One of the diaries on the NSA Spying program devolved into a pie fight on whether or not it was possible for the NSA to deal with and store all of the phone conversations that occur in the US--that the volume of 3 billion is just to high for the NSA to deal with. And there were some pretty bad assertions made, based on a lack of knowledge about audio compression. It was also asserted that compression uses to much computing power -- however all cell providers already use advanced compression at the source.
There's a lot of unknowns, true, but the technology is quite possible.
So a few quick facts:
The assumption people have made seems to be that bit rates need to be similar to what is used for compressed internet / music radio. That is not the case.
1. Speech encoding is no where near as data intensive as music encoding, because the human voice has a very limited range. While "CD Quality" uses 16 bit / 44.1 samples per second, and pro audio uses much higher rates (24 bit /192K samples is now common) , speech encoding is limited to 8 bit 8K samples per second with no troubles - perhaps much less, 7K samples would still give more than enough to pass the Nyquist frequency for the very highest speech frequencies (speech range is 350 - 3400 hz, you need to double that and / or filter the high end to avoid 'foldover')
So 1 hour of audio would be around 23.8 megs of storage, maybe much less.
This is not compression - it's the full version. And it's one reason why music on hold sounds so crappy today -- the system is not optimized for music frequencies.
2. All voice calls already use compression.
It was the driving force behind cell providers changing from Analog to Digital in the mid 1990's, because even the early digital systems allowed many more user per tower. Since then, they have added more and more calls / cell tower by both increasing data rates and better and better compression rates, which today with 4G are very high.
4G already uses an algorithm based on a Fast Fourier Transform (breaks down audio into it's harmonics) , but takes even that to another level: 20x data compression at the source is common.
Which brings us to 1.19 Megabytes per hour of storage before any special NSA compression.
(0.00000113487243652314 terabytes)
A 3 terabyte hard drive starts at $56 retail.
3. Any pauses, hold time, any blank spaces in conversation I imagine use no or almost no space at all in a FFT based compression system, because only the actual harmonics need to be stored, nothing more. It's possible that low voices could use less data than higher children's or females voices.
4. The length of the average telephone call is now half what it once was: it's now 1.40 minutes--it was almost 4 minutes in 2003.
5. Calls to customer service, 800 numbers, and corporate data centers do not need to be stored- they're probably already recorded and stored anyway by the corporation.

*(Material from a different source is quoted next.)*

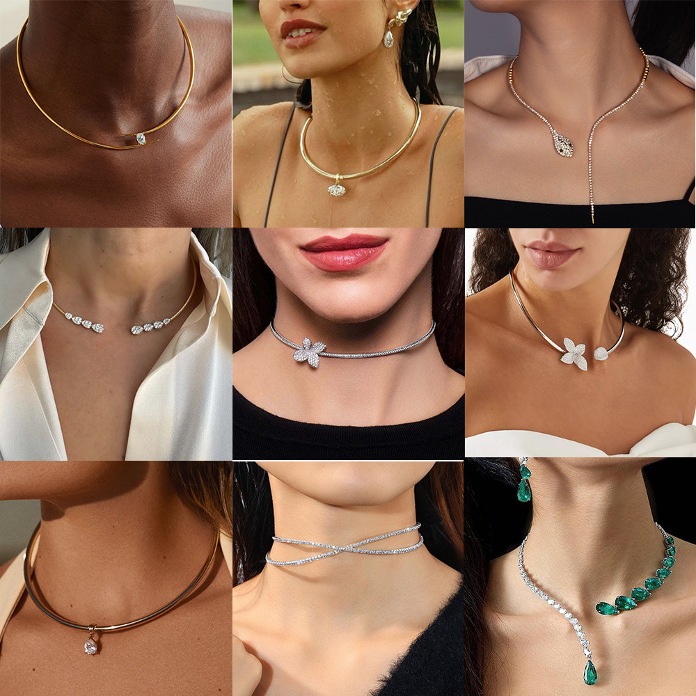 跨境热销满钻开口项圈女高级感派对时尚合金项圈女百搭合集collar
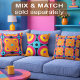 This hand‑drawn throw pillow is covered with oversized circular flower motifs in orange, pink, yellow, and purple, all arranged around a turquoise centre. The bold geometric symmetry stands out against the black background, giving it a vibrant retro style. It’s perfect for making a colourful statement on your sofa, bed, or reading nook.

What this all means in terms of actual storage needs I don't know because first of all I don't know how much space is saved by #3, and because it's obvious that the NSA would be using much more advanced compression tech than the cell providers need, but overall it's a lot less raw data than the numbers some people were throwing around yesterday.
With special techniques, the NSA could get this data to be much smaller.
Here's another possibility: the data may not be stored as audio at all, but run through SIRI like speech recognition software, discarded, and stored as text, either selectively based on keywords, or all of it. That certainly seems like the most usable way to keep and sort through this data.